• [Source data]
------

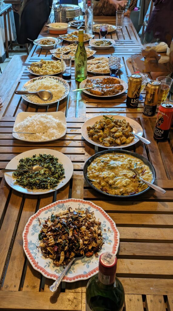 Now to Rosie’s – to a big birthday bash! There were around thirty people all told! It was a mix of Rosie’s local family, friends and her foreigner friends/family. She personally welcomed every person and had a photographer snapping photos. (He is a young man trying to start, and Rosie is “helping him out” – as seems to be her way!) Next came the food!! It was so much – probably same amount of dishes as their were people! Meanwhile we were entertained by a ten year old boy. He gave us history lessons of different countries that we shouted to him. Actually, he was amazing!
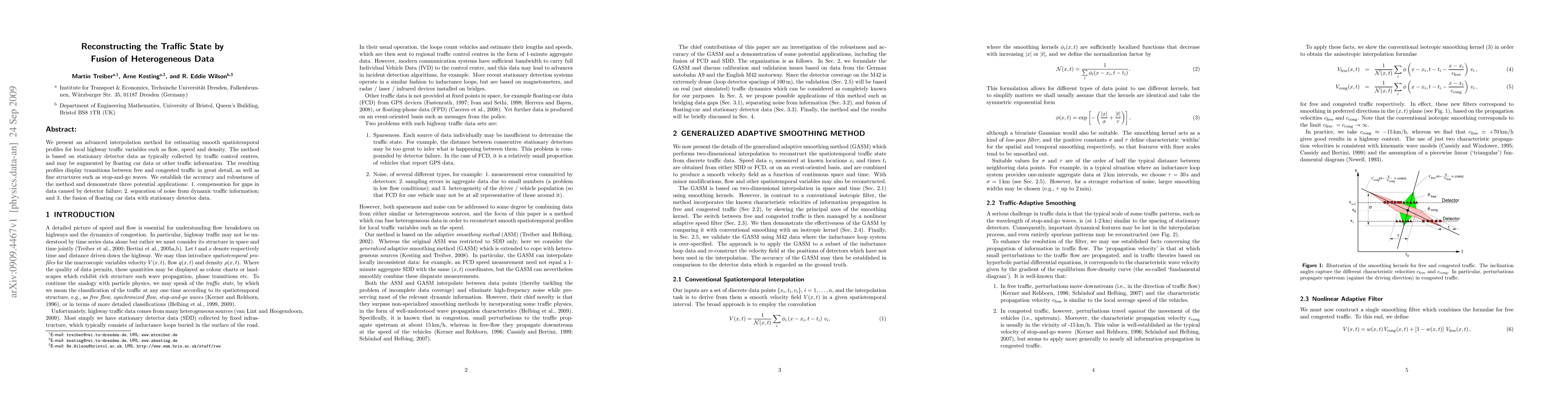 This paper introduces an advanced interpolation method to estimate detailed spatiotemporal profiles of highway traffic variables using stationary detector data, optionally enhanced by floating car data. The method demonstrates accuracy in reconstructing traffic states, including transitions between free and congested traffic, and has applications in data gap compensation, noise separation, and the fusion of different data sources.
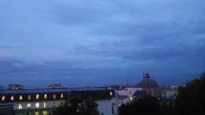 2019年にはパリにて私の心模様作品展といだきしん先生のピアノコンサートを開催する為にパリへと向かいました。最初はニューヨークで開催する予定でした。仲間がニューヨークに下見に行き、ギャラリーの場所やプレゼンコンサートを出来る会場を探して来てくれました。申し込みするばかりとなった時です。会場の申し込みをしたその日にビザの問題を指摘され、急いでビザを調べ始めたのです。アメリカの法律が変わり、中東や北朝鮮に行ったパスポートを持っていると入国出来ない懸念があるという事を知りました。日本にいらっしゃるアメリカ法の弁護士や行政書士、そしてアメリカ在住のアメリカの弁護士さんに相談しましたが、いだきしん先生も私も中東に数多く行っていますので、恐らく入国出来ないという判断となったのです。少しでも懸念がある状態で行く事は当然考えていませんので、ニューヨーク行きは断念しました。その時9月にはどこか行かなければいけないという事だけ感じていましたので他の国を探しました。薫る香りを辿ればパリだったのです。個人的にはパリは好きではなく、前回行った時にも二度とここには来たくないと感じて帰って来た事をよく覚えていたのです。が、薫る香りを辿ればパリよりないと見え、パリでの作品展とコンサート開催を決めたのでした。日本とパリを行き来しているボランティアの仲間もパリにいらっしゃいますので、色んな情報を取って頂き、作品展とコンサート会場を決める事が出来ました。行った事のない場所で作品展やコンサートを開催する事は、とても緊張しドキドキしました。が、行った本番でやるよりない状況でしたので、何があっても行なっていくという覚悟でパリに向かったのです。久し振りに長いフライトの飛行機に乗りました。意外に快適に楽しく過ごせた事で、ほっとしました。そしてパリの空港に到着した時は心が浮き立っている事にほっとしたのです。
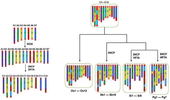 Evolutionary trajectory of grass chromosomes. The process of evolution from the ancestral chromosomes of grasses to those of rice, sorghum, foxtail millet, and pearl millet was reconstructed. Before the GCT, seven ancestral chromosomes (in different colors) were inferred. The duplicated chromosomes during the GCT were then reduced to 12 due to chromosome fusions and DNA exchanges, whose major structures have been well preserved in Oryza plants. The 12 chromosomes were then reduced in each plant under study. Os, Sb, Si, and Pg stand for O. sativa, S. bicolor, S. italica, and P. americarum.
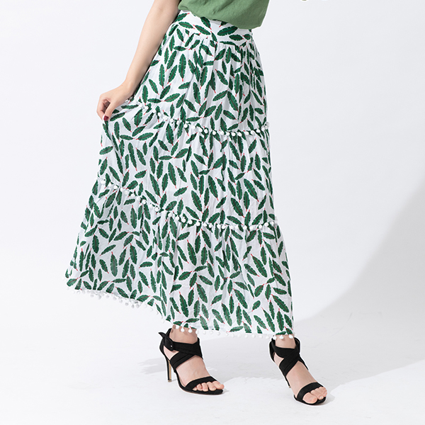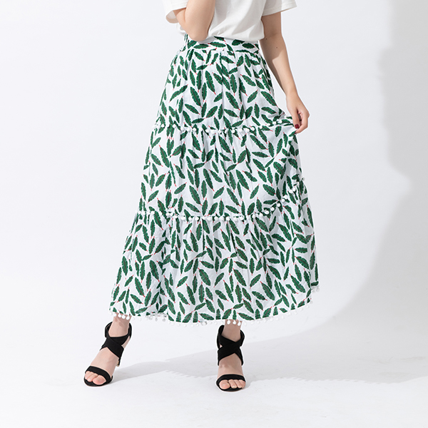 享受夏季湖畔風情,雙色條紋、綠葉繽紛圖樣帶出清爽舒適,抽縐款型、裙擺小圓球裝飾,活潑氣息十足!
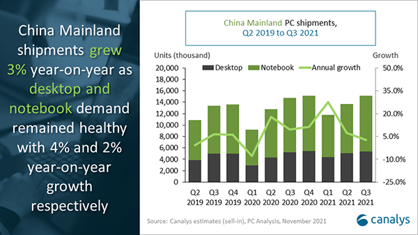 研究機構(gòu) Canalys 今日公布了 2021 年第三季度中國 PC 市場出貨數(shù)據(jù)。統(tǒng)計項目包含筆記本、臺式機以及臺式工作站。該季度中國 PC 市場出貨量超過 1500 萬臺,相比去年同期增長了 3%,環(huán)比增長 10%。
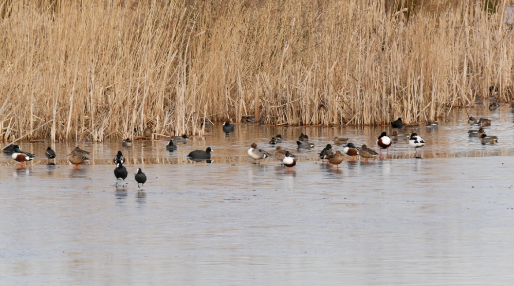 A fine, but very cold, morning with a heavy frost. Large parts of No.3 bed frozen but sufficient open water to concentrate the wildfowl in front of the Morgan hide.A very good gathering of Shoveler,81, with also 12 Shelduck and 45 Coot. Many Teal were calling and 12 Pochard. Unfortunately, there was no sign of the Marsh Harrier which had been showing well in the previous two days.
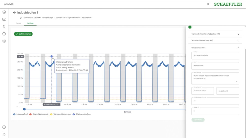 Definieren Sie Warngrenzen, um frühzeitig über mögliche Lastspitzen informiert zu werden. An die Benachrichtigungen können Sie individuelle Maßnahmenbeschreibungen knüpfen, damit jeder weiß, was zu tun ist. Das Ergebnis der Maßnahmen wird im Diagramm sichtbar gemacht.
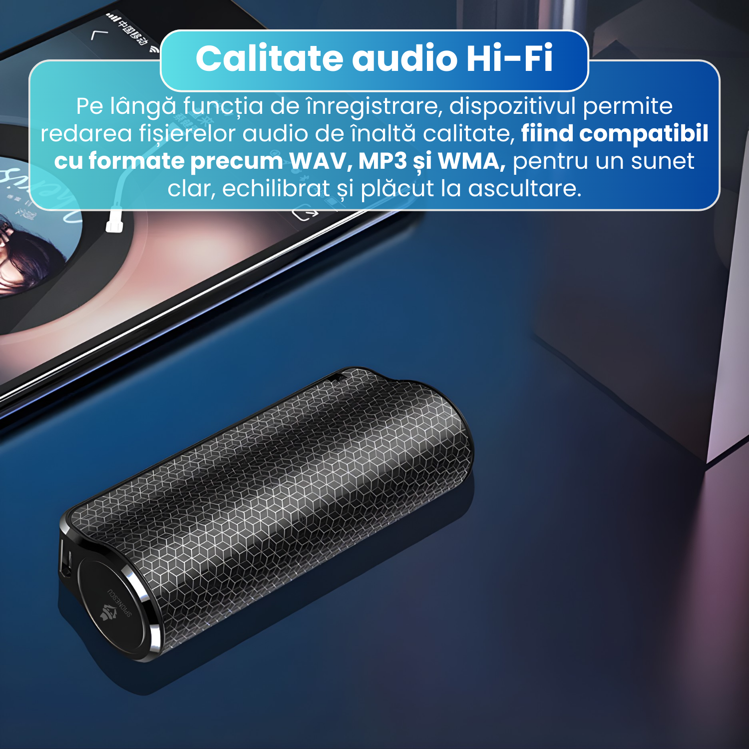 Pe langa inregistrare, dispozitivul functioneaza si ca player audio, fiind compatibil cu formate precum WAV, MP3 si WMA. Acest lucru permite ascultarea rapida a fisierelor direct de pe dispozitiv.
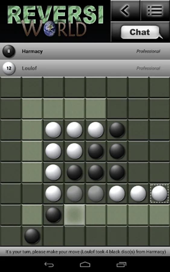 Reversi World is a device-to-device communication game in the World Board Games series based on the classic board game Reversi.
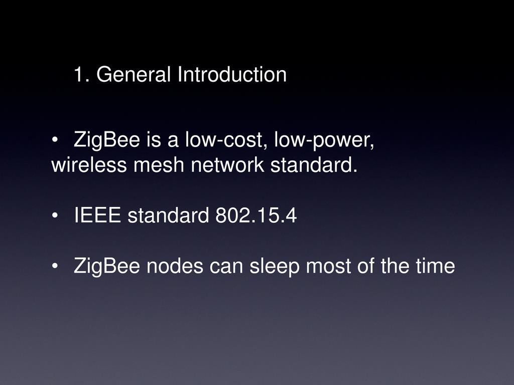 1. General Introduction • ZigBee is a low-cost, low-power, wireless
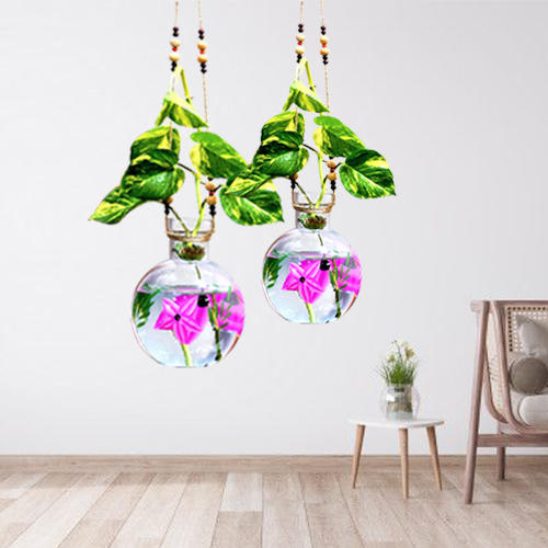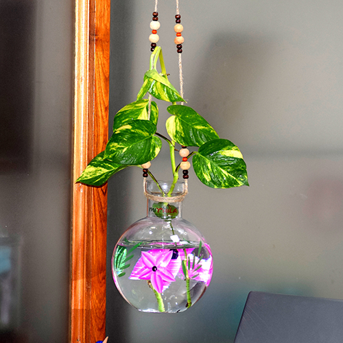 This Beautiful Ball Shaped Glass Vase Jute Rope with iron L Shape hanger can be placed natural and artificial plants, flowers, money plant, lucky bamboo plants etc. Unique and elegant showpiece to complete the beauty of your house. Perfect addition to your Home Décor, Living Room, Bedroom, Center Table, Side corners, Dining Room, Work Place and for Gift Purpose. Plants are the best source of freshness and positive energy.
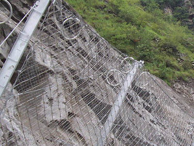 柔性防護網系統也有好幾種,不一樣的種類有不一樣的用途,根據工程的實踐情況選擇合適的商品,主動防護網將全部山體護住,平安系數非常高,落石即時松動也不會滾落,由于有柔性防護網的維護柔性防護網被裝置在山體的下面,有落石滾落的時分會被被逼防護網擋住,柔性防護網選用柔性鋼絲繩,這種鋼絲繩的拉強度非常大,落石滾落的時分,根據本人的柔性極好的把動能化解。
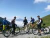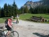 Die Tour starteten wir ab der Ferienwohnung meiner Eltern in Grassau. Brigitte, Emma und ich waren schon seit Donnerstag hier und unsere Freunde kamen um ca. 9 Uhr zu uns. Ich war leider nicht fit, da mich ein Virus bis vor 2 Tagen ans Bett gefesselt hatte. Trotzdem wollte ich die Tour nicht absagen, weil sich schon alle darauf gefreut hatten. Bei Frühnebel und eisigen 10 Grad fuhren wir den Radweg nach Bergen. Von hier fuhren wir auf der Straße zum Wanderparkplatz Kohlstadt. Von hier ging es dann einen Forstweg weiter, bis wir zu einer Abzweigung in Richtung Birkenmoos kamen. Teilweise ging es relativ steil und steinig nach oben bis wir eine herrliche Almenlandschaft erreichten. Von hier fuhren wir eine Forststraße leicht nach unten bis zur Abzweigung Jochbergalm. Den letzten Kilometer mussten wir über einen Wurzeltrail und zum Schluß noch eine steile Almwiese nach oben, bis wir die Alm auf 1276 m erreicht hatten. Hier kehrten wir natürlich ein und genossen Weißbier, Käsebrot und Sonne. Über einen kleinen Wanderpfad fuhren wir den Jochbergsattel in Richtung Marquartstein bis wir wieder auf eine Forststraße gelangten. Diese führte uns bis zu einer Abzweigung. Hier radelten wir wieder 100 Hm nach oben bis wir die Agergschwendt Alm auf 1040 m erreicht hatten. Hier warteten wir auf unsere Wandergruppe, die teilweise bis zum Hochgernhaus oder Hochgern gewandert waren. Auch hier genossen wir wieder Sonne und Weißbier. Rasant fuhren wir dann eine Forststr. nach unten bis wir Marquartstein erreichten. Von hier fuhren wir auf dem Radweg zurück nach Grassau.
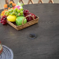 The round metal outdoor dining table wears a rustic and attractive look. It is elaborately hand painted. Its large table top is faux woodgrain finished which is durable, water and weather resistant. The special table features X-crossed legs and adjustable screws that offers extra stability and durability.
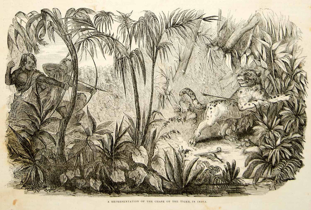 1852 Wood Engraving Art Bengal Tiger Hunting India Asia Sportsman Animals YGP1

------

• [Instructions to follow] Would you please repeat only the lines above, beginning at the one that has "Definieren Sie Warngrenzen, um" and stopping after the one that has "柔性防護網系統也有好幾種,不", exactly and with no pictures?

• [Completed task]
 Definieren Sie Warngrenzen, um frühzeitig über mögliche Lastspitzen informiert zu werden. An die Benachrichtigungen können Sie individuelle Maßnahmenbeschreibungen knüpfen, damit jeder weiß, was zu tun ist. Das Ergebnis der Maßnahmen wird im Diagramm sichtbar gemacht.
 Pe langa inregistrare, dispozitivul functioneaza si ca player audio, fiind compatibil cu formate precum WAV, MP3 si WMA. Acest lucru permite ascultarea rapida a fisierelor direct de pe dispozitiv.
 Reversi World is a device-to-device communication game in the World Board Games series based on the classic board game Reversi.
 1. General Introduction • ZigBee is a low-cost, low-power, wireless
 This Beautiful Ball Shaped Glass Vase Jute Rope with iron L Shape hanger can be placed natural and artificial plants, flowers, money plant, lucky bamboo plants etc. Unique and elegant showpiece to complete the beauty of your house. Perfect addition to your Home Décor, Living Room, Bedroom, Center Table, Side corners, Dining Room, Work Place and for Gift Purpose. Plants are the best source of freshness and positive energy.
 柔性防護網系統也有好幾種,不一樣的種類有不一樣的用途,根據工程的實踐情況選擇合適的商品,主動防護網將全部山體護住,平安系數非常高,落石即時松動也不會滾落,由于有柔性防護網的維護柔性防護網被裝置在山體的下面,有落石滾落的時分會被被逼防護網擋住,柔性防護網選用柔性鋼絲繩,這種鋼絲繩的拉強度非常大,落石滾落的時分,根據本人的柔性極好的把動能化解。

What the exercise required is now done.